Rick put his phone down on the counter. He walked to the sink and turned the tap on, washing his hands even though they weren’t dirty. He dried them, then leaned both palms on the counter and stared at the tiles, jaw clenched so hard it started to ache.
Elliot was out there doing what he loved. In studios and on shows. Being called brilliant and amazing, and being treated like he mattered. Rick was here, alone, fighting for a scrap of attention.
Picking up his phone again, Rick opened the clip one more time, pausing it on Elliot’s face. The camera caught him mid-smile, eyes crinkled at the corners. Rick held it there for a long moment.
He didn’t need Elliot to say his name.
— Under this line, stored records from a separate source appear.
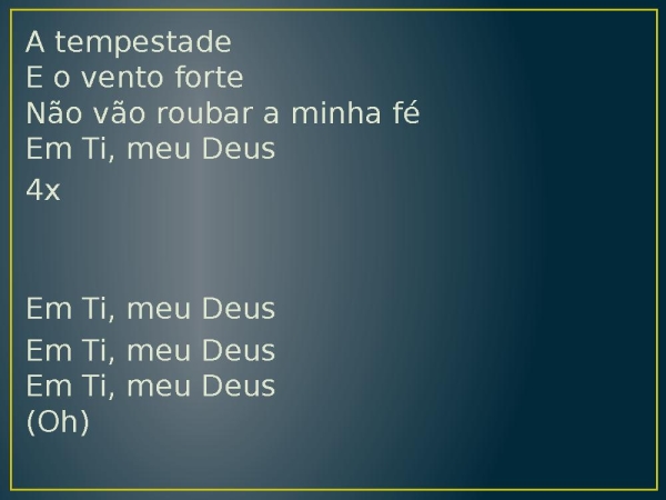 - A tempestadeE o vento forteNão vão roubar a minha féEm Ti, meu Deus4xEm Ti, meu DeusEm Ti, meu DeusEm Ti, meu Deus(Oh)
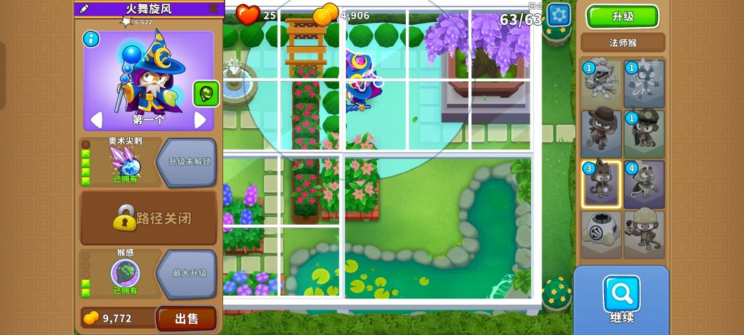 还可以在图上位置放下两个402法师猴,一样轻松通过!
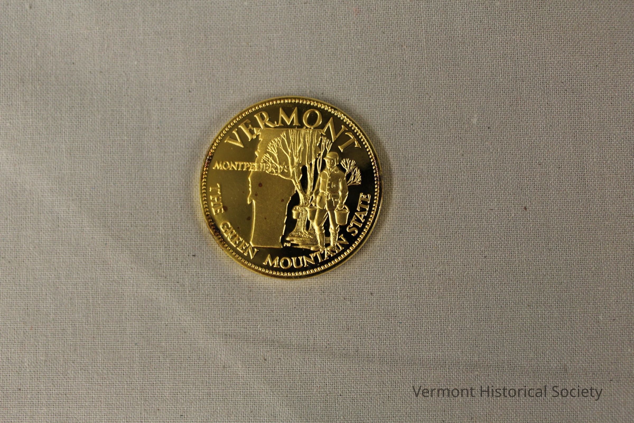 Gold plated commemorative medal. One side shows the outline of the state of Vermont behind a man in a barn coat carrying buckets away from a tapped maple tree. The inscription, "VERMONT THE GREEN MOUNTAIN STATE" rings the edge. The other side shows a laurel wreath around the edge with a clover flower at the center top. The inscription, "VERMONT ATTAINED STATEHOOD MARCH 4, 1791", in the center and "14TH STATE" at the bottom.Context
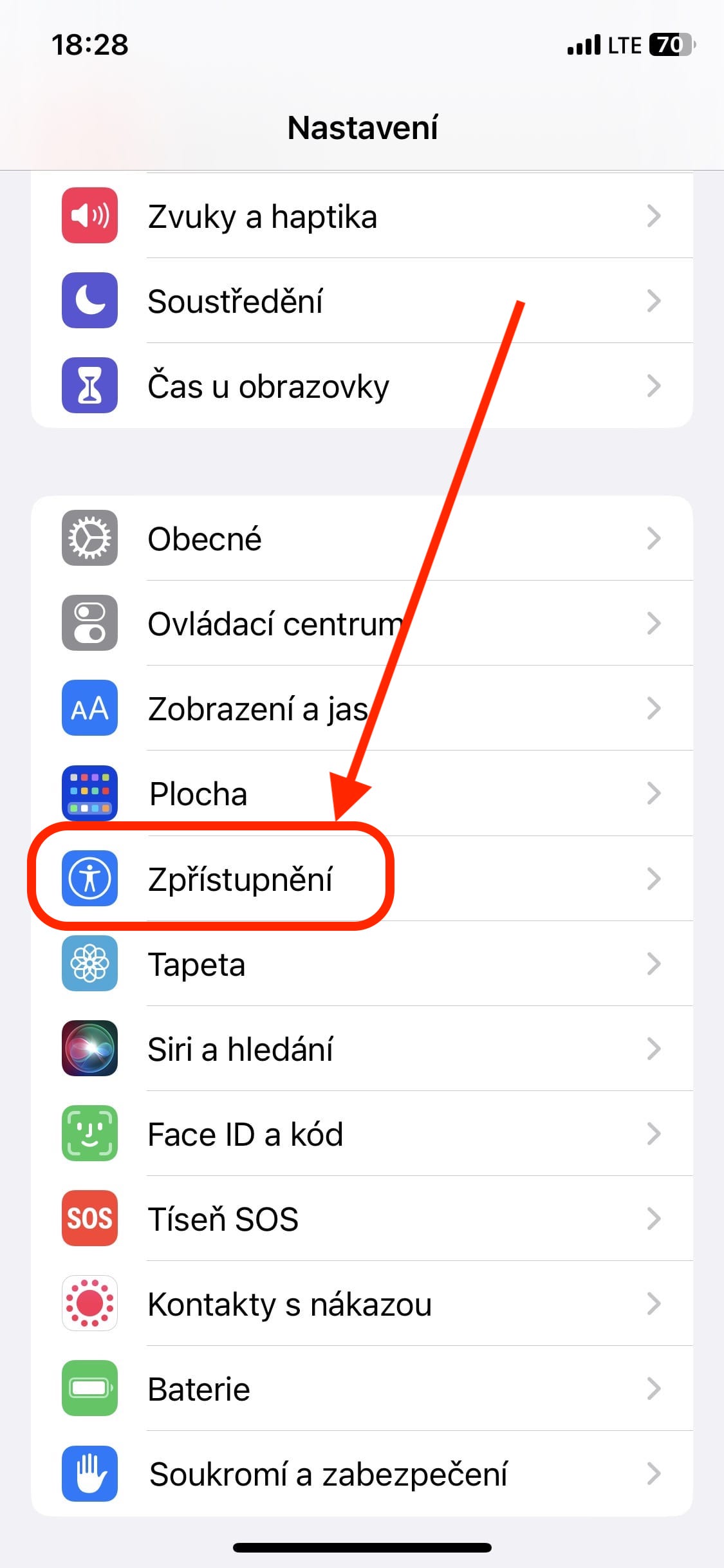 • Posuňte se o něco níž a přejděte do kategorie Zpřístupnění
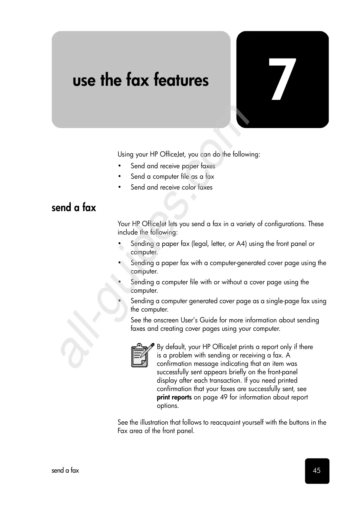 Your HP OfficeJet lets you send a fax in a variety of configurations. These
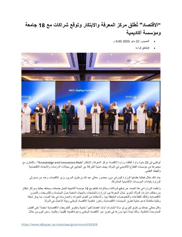 عم نواعتلاب ، “Knowledge and Innovation Hub” راكتبلااو ةفرعملا زكرم داصتقلاا ةرازو تقلطأ / ماو /ويام 22 يف يبظوبأ
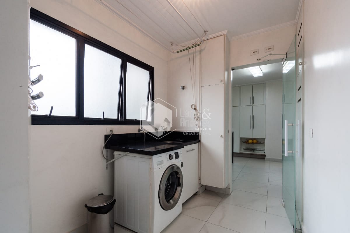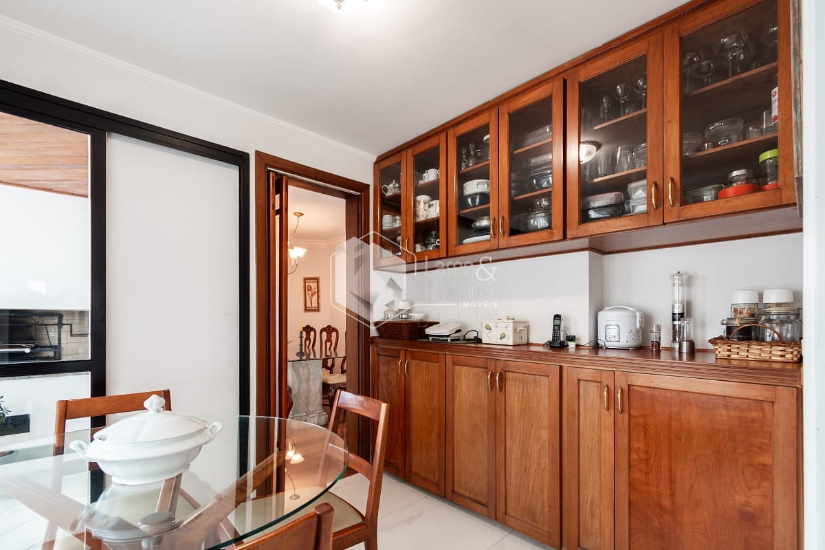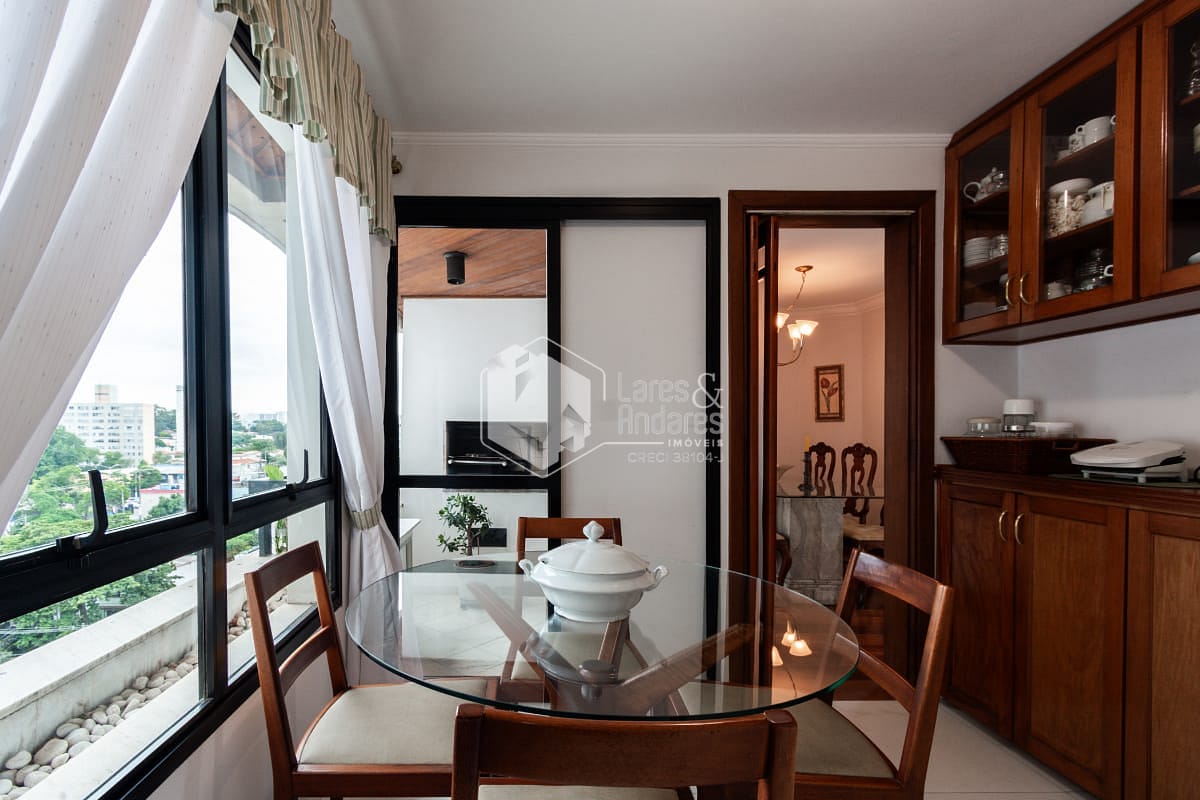 A área social é completa e funcional, com sacada equipada com churrasqueira, conectando harmoniosamente a sala de jantar e a sala de almoço. A cozinha é bem planejada e acompanhada de área de serviço com dependência completa para funcionários. O imóvel dispõe ainda de três vagas de garagem determinadas e depósito privativo.

He knew exactly who Elliot had been talking about.
Rick went into the living room and picked up his old phone. He opened the notes app and wrote Elliot Hart at the top, then stopped and erased it, then typed it again. He added one more line under it without thinking too hard about what it meant.
Where are you working now?
He stared at the screen, then locked the phone and put it down. He stood still, breathing slowly, letting the anger simmer inside. Elliot had decided Rick was a joke.
Rick could live with a lot of things, but he couldn’t live with being laughed at.